In his 2011 book Death By China, Navarro quotes an expert on China, Ron Vara, on how nasty and dangerous the Chinese are as trading partners: “Only the Chinese can turn a leather sofa into an acid bath, a baby crib into a lethal weapon, and a cellphone battery into heart-piercing shrapnel.”
It’s a great quote. The only problem is that Ron Vara is fictional. Navarro made him up (the name is an anagram of Navarro). Ron Vara has made appearances in other Navarro books. I haven’t read these, but I would guess the purpose is the same — to include a really strong quote, so strong that for Navarro to acknowledge it as his own would reveal him as a very biased non-fiction writer.

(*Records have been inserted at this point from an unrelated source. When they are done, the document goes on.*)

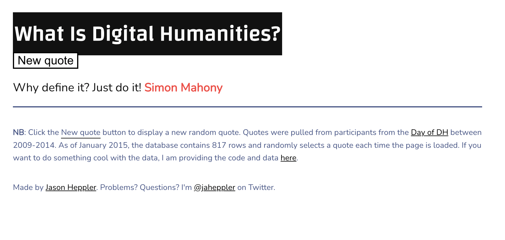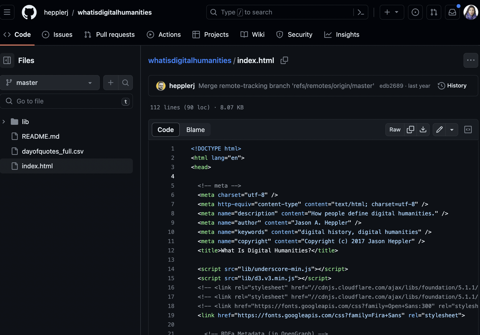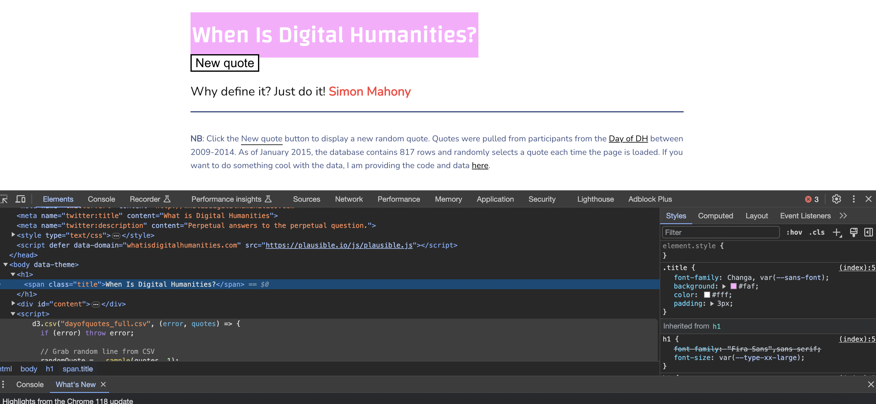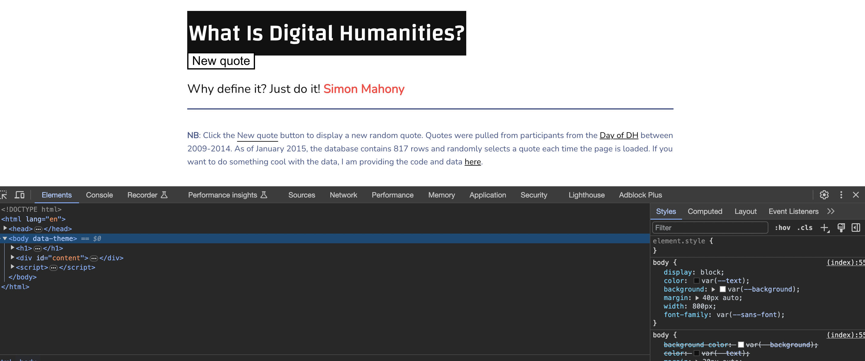 So far we’ve been either working with very simple HTML documents (like our example above) or very complex ones (like our Kepler.gl.html example). To find a middle ground, let’s return to our very first week and take a look at whatisdigitalhumanities.com.
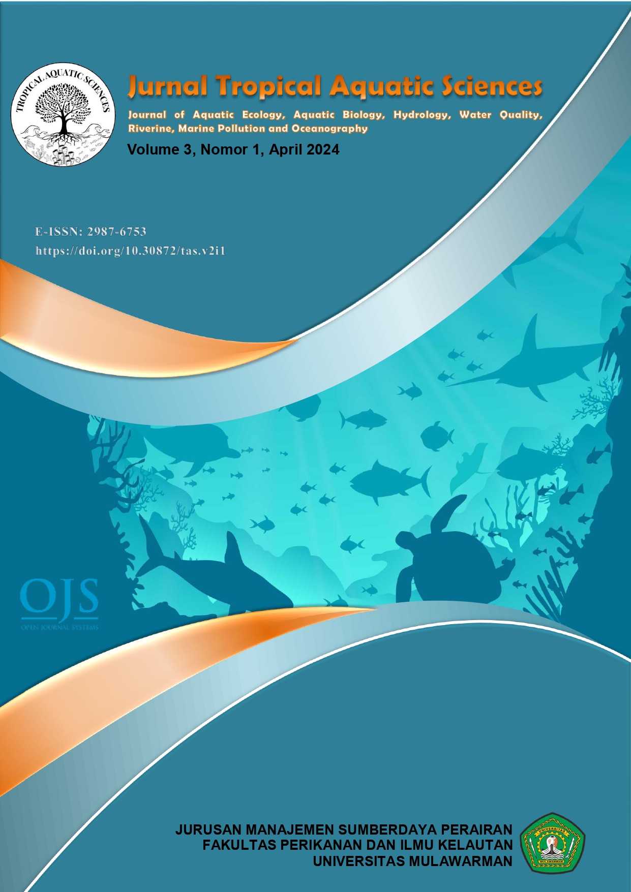 Jurnal Tropical Aquatic Sciences (TAS) is a means for researchers in the field of Fisheries and Marine Science to publish scientific research results. First published in 2022 with a biennial publication period in April and October. The TAS Editorial Board consists of Fisheries and Marine Science lecturers in various areas of expertise concentration such as aquatic ecology, aquatic biology, hydrology, water quality, riverine marine pollution, and oceanography.
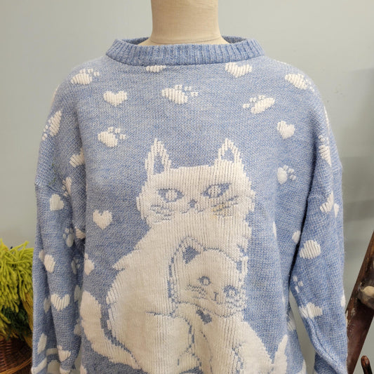 vtg 80s CUTE CAT SWEATER // vintage new addition xl womens pastel lavender kitty paws hearts all over print knit autumn winter style fashion
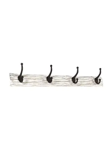 Dieses stilvolle Wandgarderobe „VINTAGE“ von Kobolo bringt rustikalen Charme und praktische Funktionalität in Flur, Schlafzimmer oder Garderobe. Jede Leiste besteht aus einem naturbelassenen Holzbrett im angesagten Shabby Chic Look und ist mit jeweils vier robusten Doppelhaken aus schwarzem Metall ausgestattet. Die Kombination aus weiß gekalktem Holz und dunklen Metallhaken verleiht dem Design einen nostalgischen Touch und macht die Garderobenleisten zu dekorativen Blickfängen mit Mehrwert. Ideal zum Aufhängen von Jacken, Taschen, Hüten oder Accessoires. Lieferung ohne Deko.
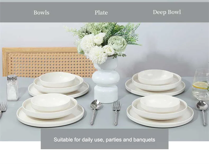 Conjuntos de Louça de Porcelana Peças Tigelas e Pratos Brancos Conjunto de Pratos Resistente a Riscos Tigela de Cerâmica

Navarro claims it’s all in good fun, a “whimsical device.” Honest journalists who play by the rules see it as “making stuff up” or more simply “lying.”
But what Navarro did is not all that different from the legitimate journalisitic technique of searching out someone who will give you the quote you want, the quote that expresses your own views but that you can legitimately attribute to someone else. “Quote TK” (quote to come) in the draft of a story means that the writer needs a little more time to find someone who will express a particular opinion. Honest writers may have to go deep into their contact list, but eventually they usually get something usable.
Navarro’s method of making stuff up has great advantages over honest non-fiction writing:
- It results in quotes that are much sharper and that are guaranteed to express precisely the opinions you want expressed
- It’s much less work.
- And as the NPR story notes, it’s perfectly compatible with the current occupants of the White House.